Option 1: Direct lowering funlang.match → LLVM (what we DON’T do)
// Directly to LLVM dialect
%tag = llvm.extractvalue ...
llvm.switch %tag [
0: ^nil_block,
1: ^cons_block
]
^nil_block:
// ... operations ...
llvm.br ^merge_block(%zero)
^cons_block:
// ... operations ...
llvm.br ^merge_block(%sum)
^merge_block(%result: i32):
llvm.return %result
문제점:
- Lost structure: CFG는 원래 match의 case structure를 상실
- Harder optimization: Which blocks belong to which case? 불명확
- Debugging: LLVM IR에서 source pattern matching 추적 어려움
- Lowering complexity: funlang.match → LLVM을 한 번에 구현해야 함
Option 2: Progressive lowering funlang.match → SCF → CF → LLVM (what we do)
// Stage 1: FunLang
%result = funlang.match %lst : !funlang.list<i32> -> i32 {
^nil: funlang.yield %zero : i32
^cons(%h, %t): funlang.yield %sum : i32
}
// Stage 2: SCF (structured, high-level)
%tag_index = // extract tag and cast to index
%result = scf.index_switch %tag_index : index -> i32
case 0 { scf.yield %zero : i32 }
case 1 { scf.yield %sum : i32 }
// Stage 3: CF (goto-style, low-level)
cf.switch %tag_index [
0: ^block_0,
1: ^block_1
]
^block_0: cf.br ^merge(%zero)
^block_1: cf.br ^merge(%sum)
^merge(%result: i32): ...
// Stage 4: LLVM (machine-level)
llvm.switch %tag_i8 [
0: ^llvm_0,
1: ^llvm_1
]
// ... LLVM blocks ...
장점:
- Separation of concerns: 각 lowering pass는 하나의 변환만 책임
- Optimization hooks: SCF level에서 pattern-specific optimizations
- Incremental verification: 각 stage마다 IR 검증 가능
- Easier debugging: 문제 발생 시 어느 stage에서 일어났는지 명확
Comparison: SCF vs CF
| Aspect | SCF | CF |
|---|---|---|
| Structure | Nested regions | Flat blocks |
| Control flow | Implicit (yield returns) | Explicit (br/switch) |
| Source mapping | Preserves match structure | Lost |
| Optimization | High-level (dead case elimination) | Low-level (block merging) |
| Readability | High (similar to source) | Low (machine-like) |
Example: Dead case elimination at SCF level
// Input: match on statically-known value
%nil = funlang.nil : !funlang.list<i32>
%result = funlang.match %nil : !funlang.list<i32> -> i32 {
^nil: funlang.yield %zero : i32
^cons(%h, %t): funlang.yield %sum : i32 // Dead!
}
// After lowering to SCF
%tag_index = arith.constant 0 : index // Statically known!
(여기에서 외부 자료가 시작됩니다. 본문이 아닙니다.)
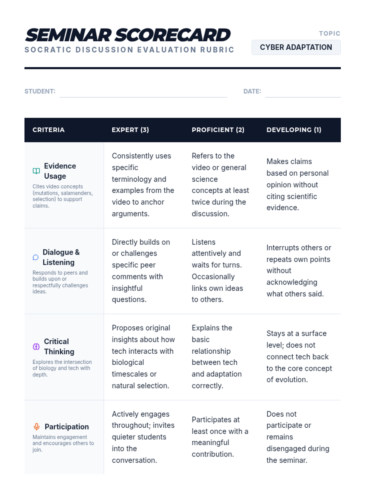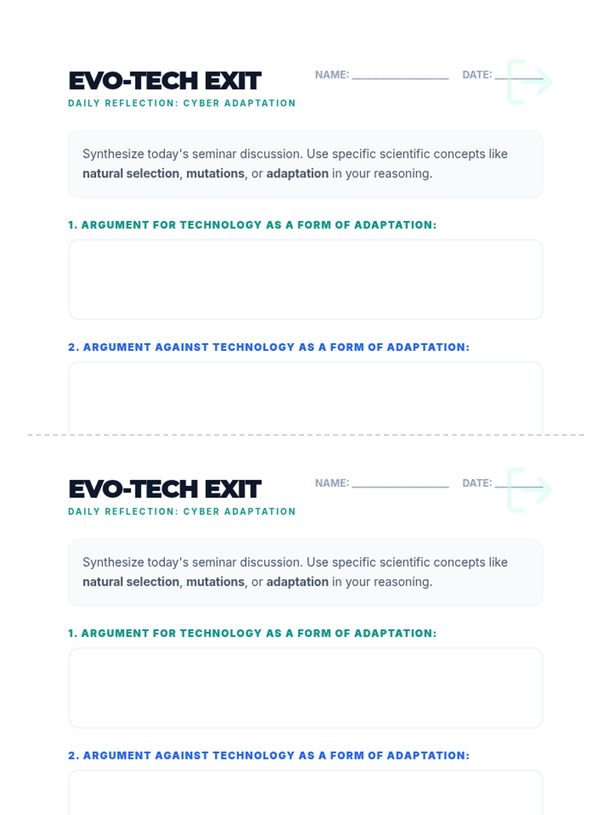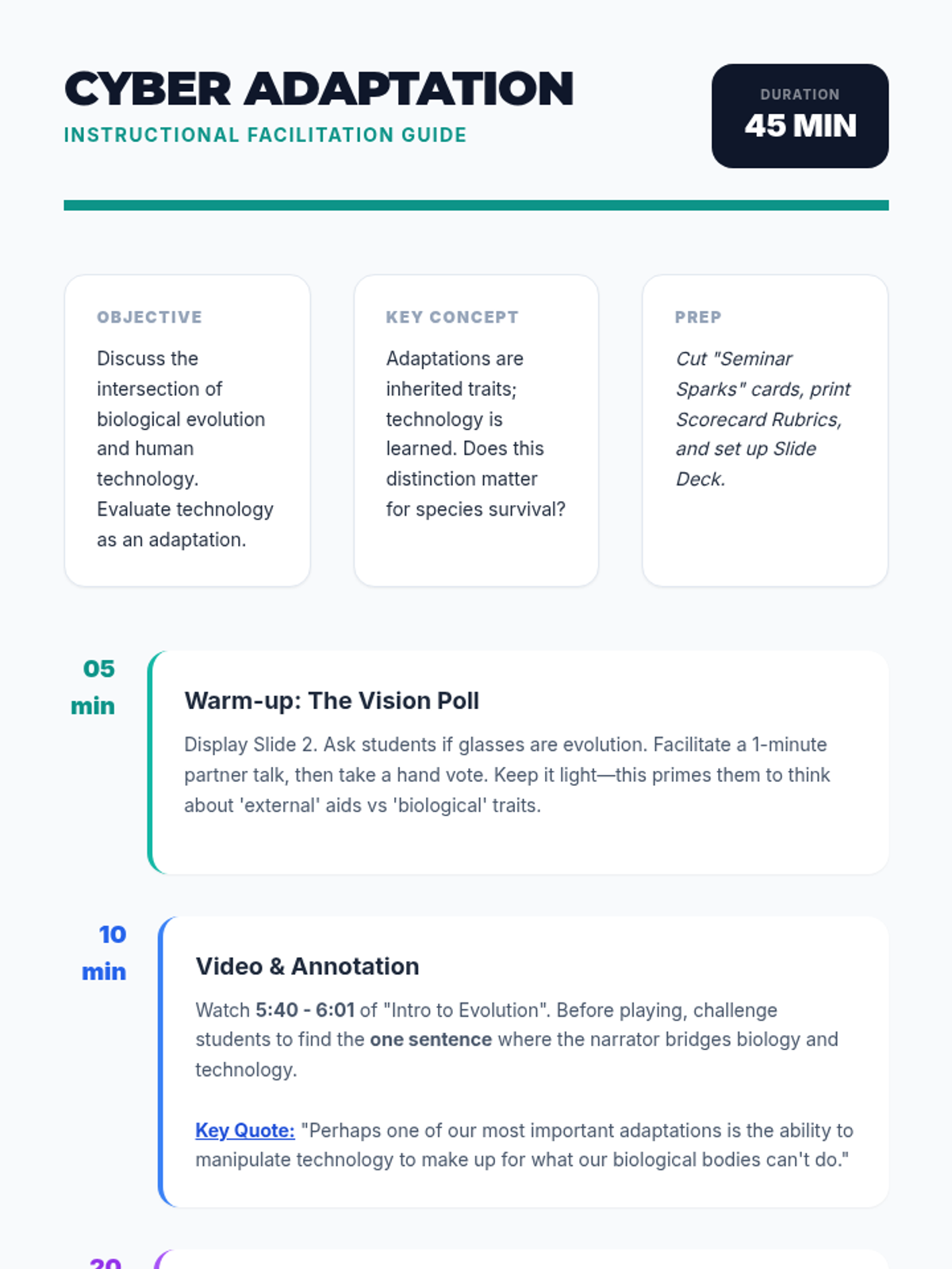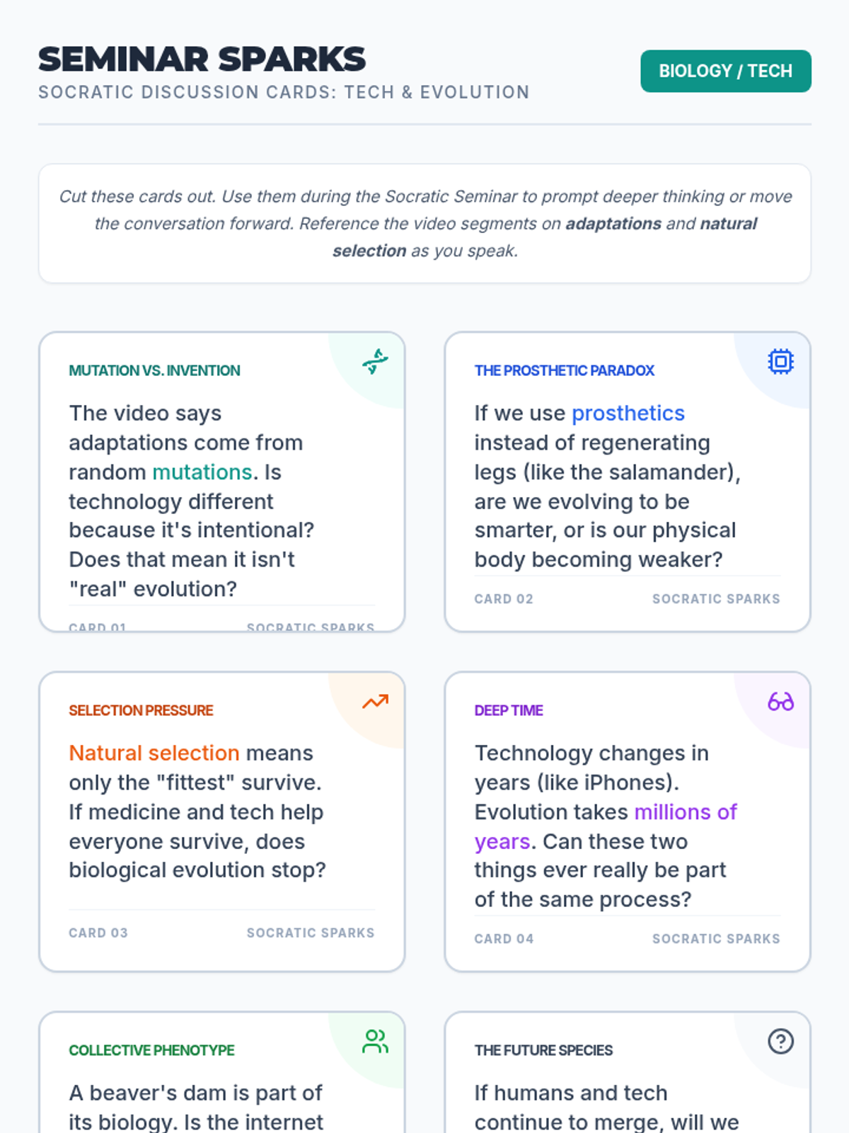 This lesson explores the intersection of biological evolution and human technology, questioning whether technology is a form of human adaptation or if it halts natural selection. Students participate in a Socratic Seminar using evidence from a video on foundational evolutionary biology.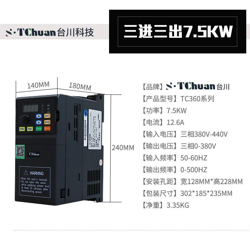 变频器三相380v风机电机调o速器0.75KW1.5千瓦2.245.57.522303755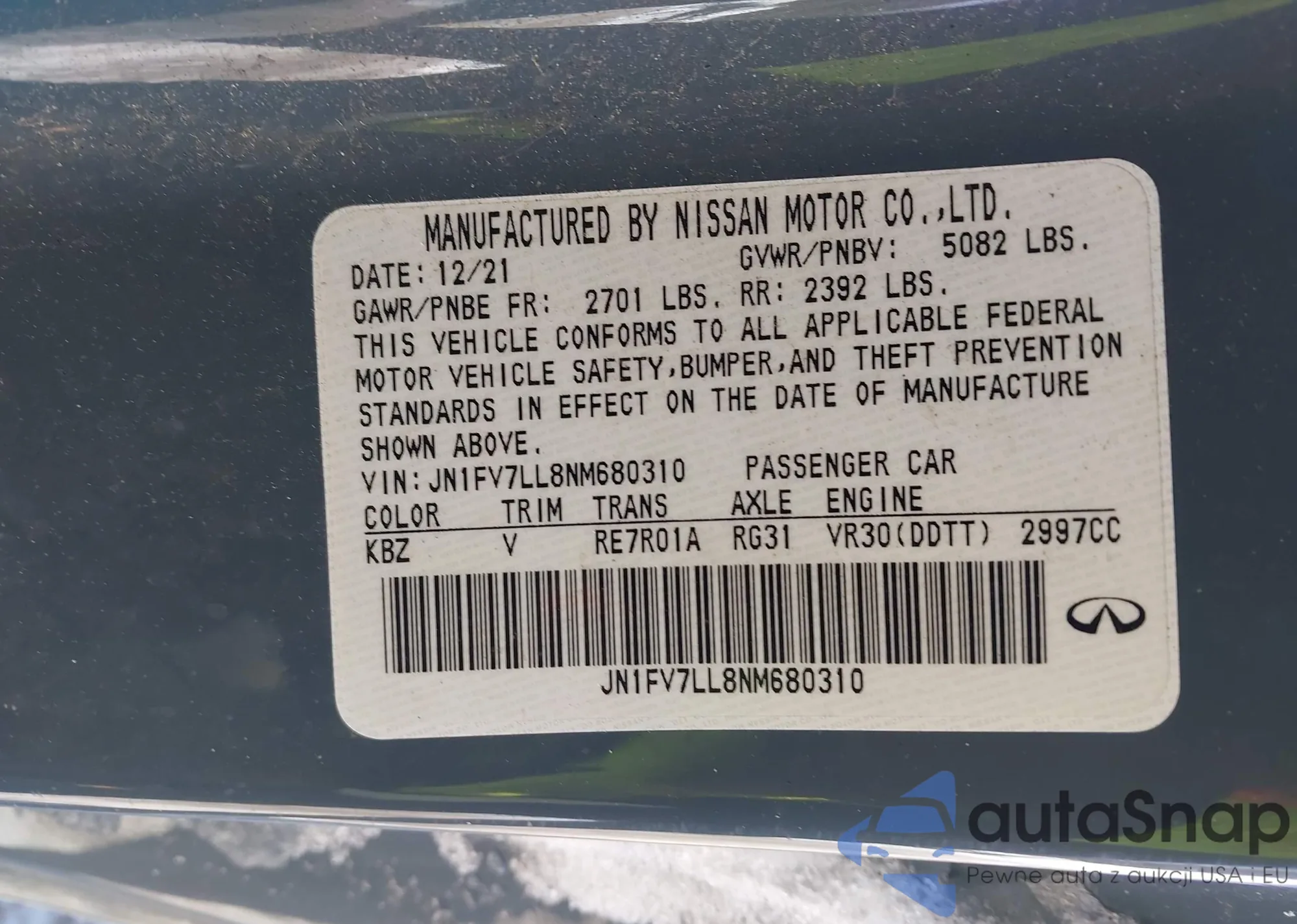 • VIN: JN1FV7LL8NM680310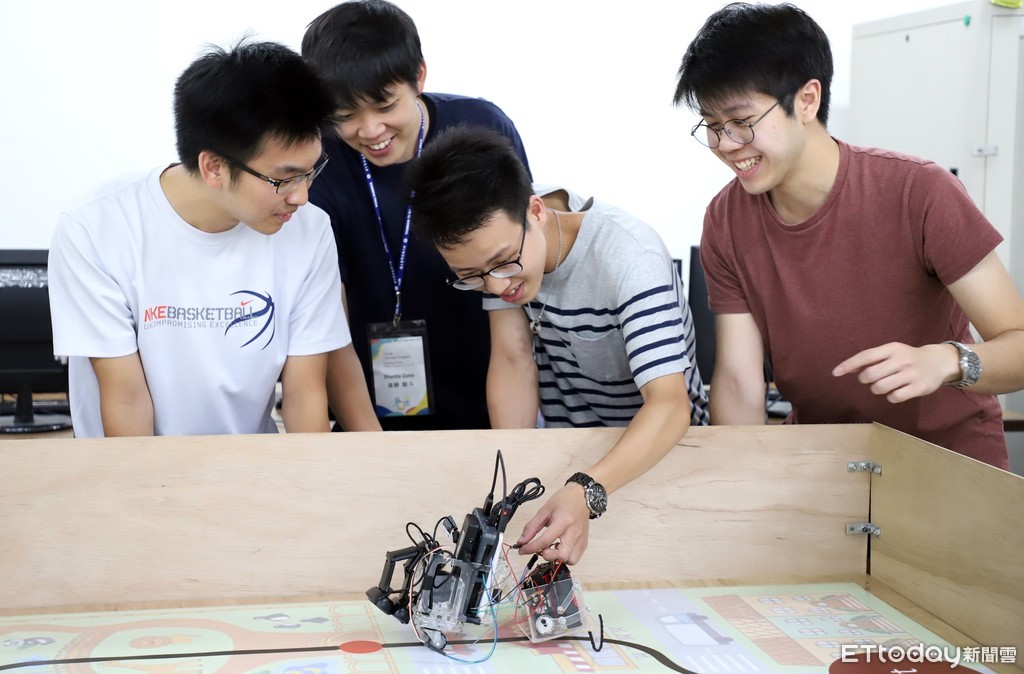 台科大與東京工業大學學生一起打造機器人。台科大舉辦全英語機械專題課程,由台科大機械系及日本東京工業大學教師共同授課,邀請日本學生來台和台科大學生一起上課,學習寫程式、機器人運動分析、機構設計等課程,合作打造可以自動控制的推車機器人,模擬未來由機器人協助購物及送貨的情景。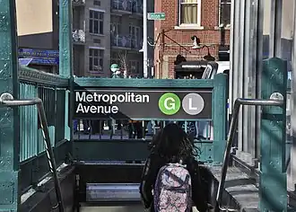 The Metropolitan Avenue station (also announced as the Metropolitan Avenue-Lorimer Street station) on the IND Crosstown Line opened on July 1, 1937 as part of the extension of the Crosstown Line from Nassau Avenue to Hoyt-Schermerhorn Streets.[18] The station also has two tracks and two side platforms.[39] The G stops at the station at all times.[40] The station is between Nassau Avenue to the north and Broadway to the south.[36]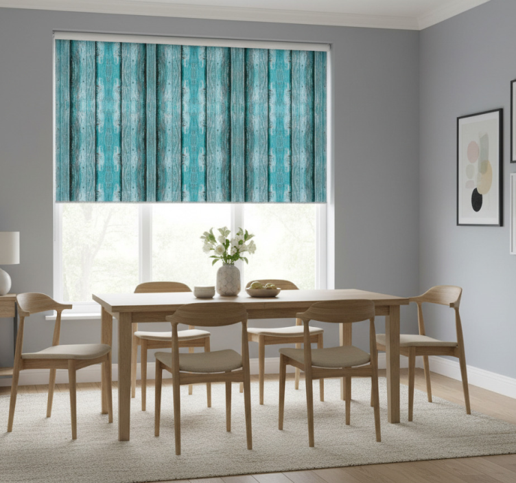 Estor enrollable comedor efecto textura madera azul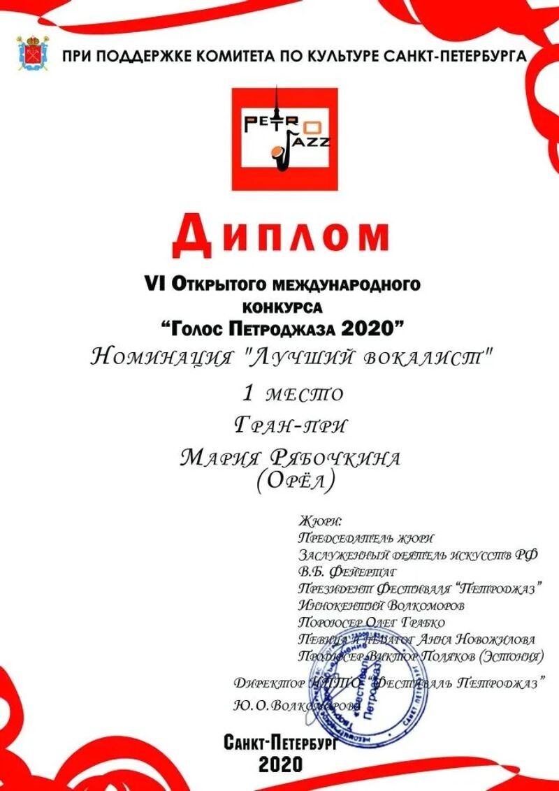 - VI Открытый международный конкурс «Голос Петроджаза 2020», 1 место в номинации «Лучший вокалист», гран-при.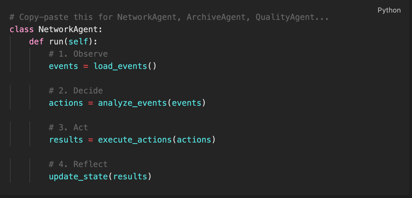 Impact: When I added the Network Watcher agent, it took 120 lines of domain logic. The observe → decide → act → reflect orchestration? Already done. Logging? Already done. Error handling? Already done.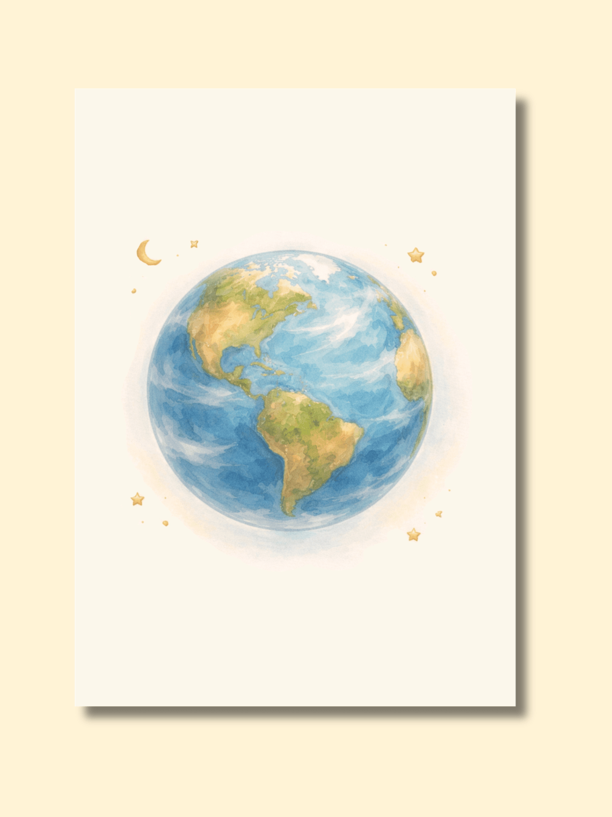 The solar system in soft watercolor — a friendly moon with a gentle face, a warm glowing sun, Saturn with its rings, and a classic red-and-white rocket. Dreamy, celestial, and full of wonder.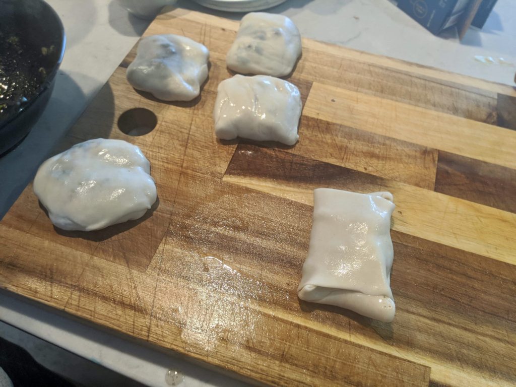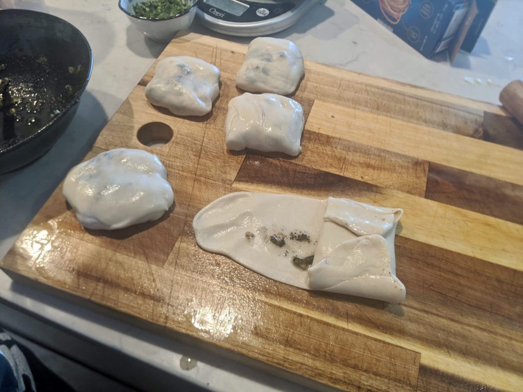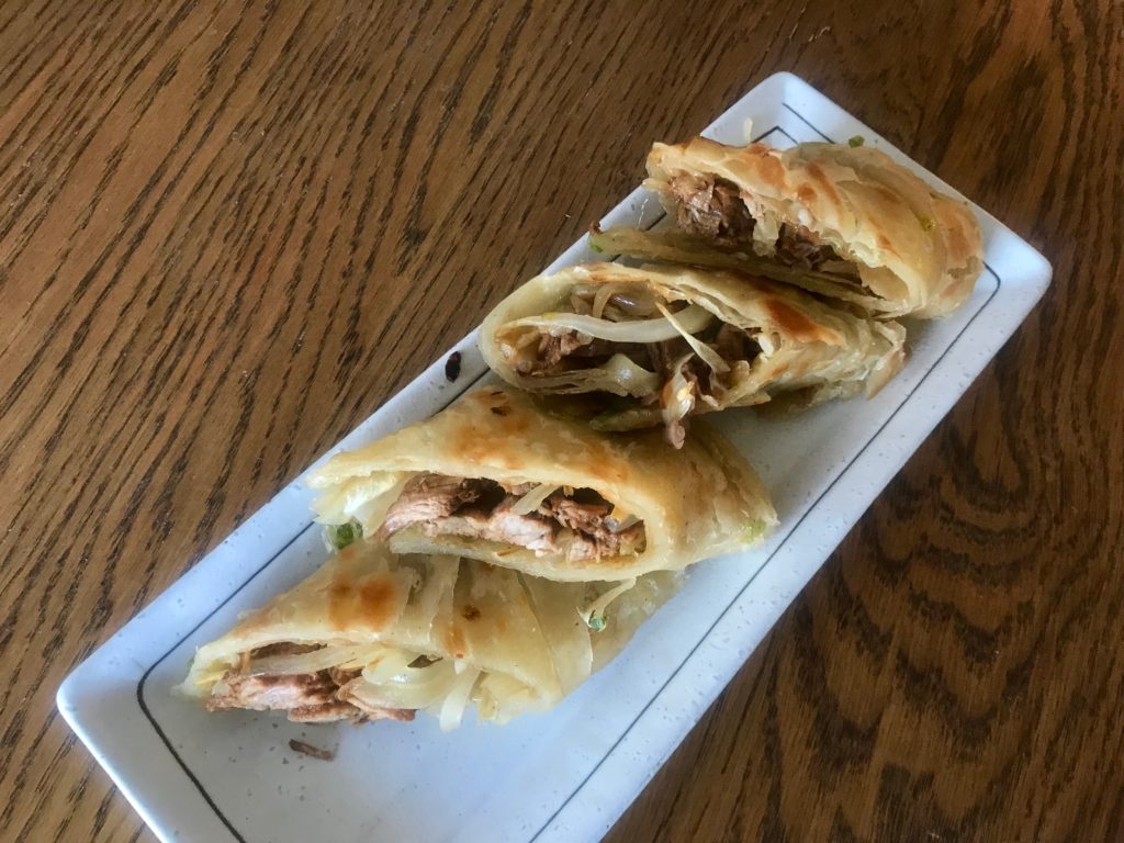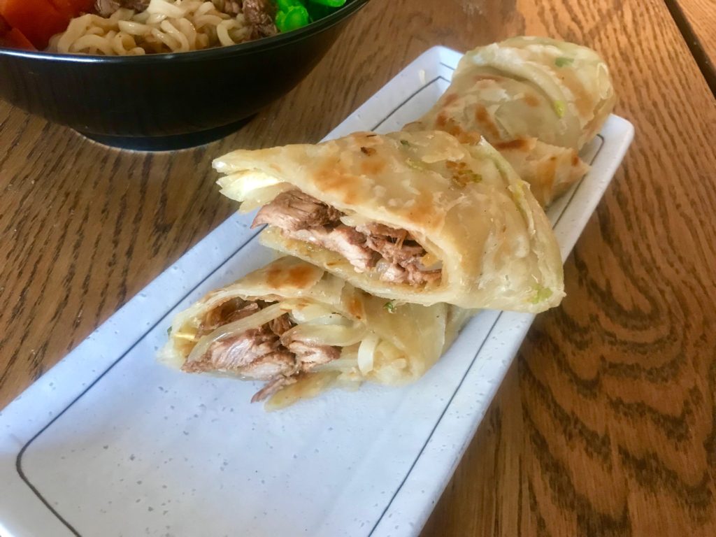 7. Remove from pan, roll in beef, caramelized onion and cilantro. HOT! Do not burn yourself~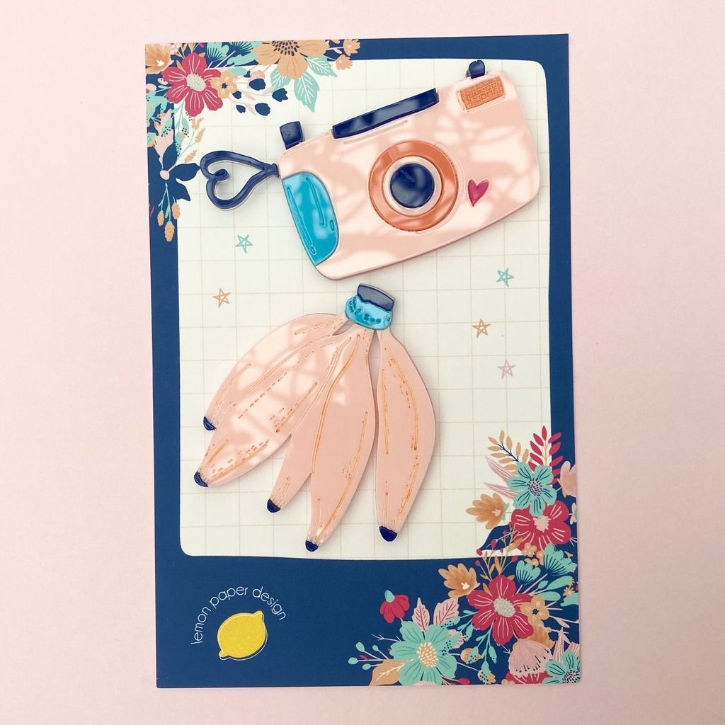 Coleção A Aventura está lá Fora - Acrílico Câmera e Banana - Lemon Scrapbook

%result = scf.index_switch %tag_index : index -> i32
case 0 { scf.yield %zero : i32 }
case 1 { scf.yield %sum : i32 } // Dead case!
// SCF optimizer can eliminate case 1
%result = scf.index_switch %tag_index : index -> i32
case 0 { scf.yield %zero : i32 }
// case 1 removed
// Further optimization: constant folding
%result = %zero // Direct replacement!
이런 최적화는 CF level에서는 훨씬 어렵다.
MatchOp Lowering Strategy
Goal: funlang.match → scf.index_switch 변환
Input (FunLang):
%result = funlang.match %lst : !funlang.list<i32> -> i32 {
^nil:
%zero = arith.constant 0 : i32
funlang.yield %zero : i32
^cons(%head: i32, %tail: !funlang.list<i32>):
%tail_sum = func.call @sum_list(%tail) : (!funlang.list<i32>) -> i32
%sum = arith.addi %head, %tail_sum : i32
funlang.yield %sum : i32
}
Output (SCF + LLVM):
// 1. Convert list type to struct
%struct = builtin.unrealized_conversion_cast %lst
: !funlang.list<i32> to !llvm.struct<(i32, ptr)>
// 2. Extract tag
%tag_i32 = llvm.extractvalue %struct[0] : !llvm.struct<(i32, ptr)>
%tag_index = arith.index_cast %tag_i32 : i32 to index
// 3. Extract data pointer (for cons case)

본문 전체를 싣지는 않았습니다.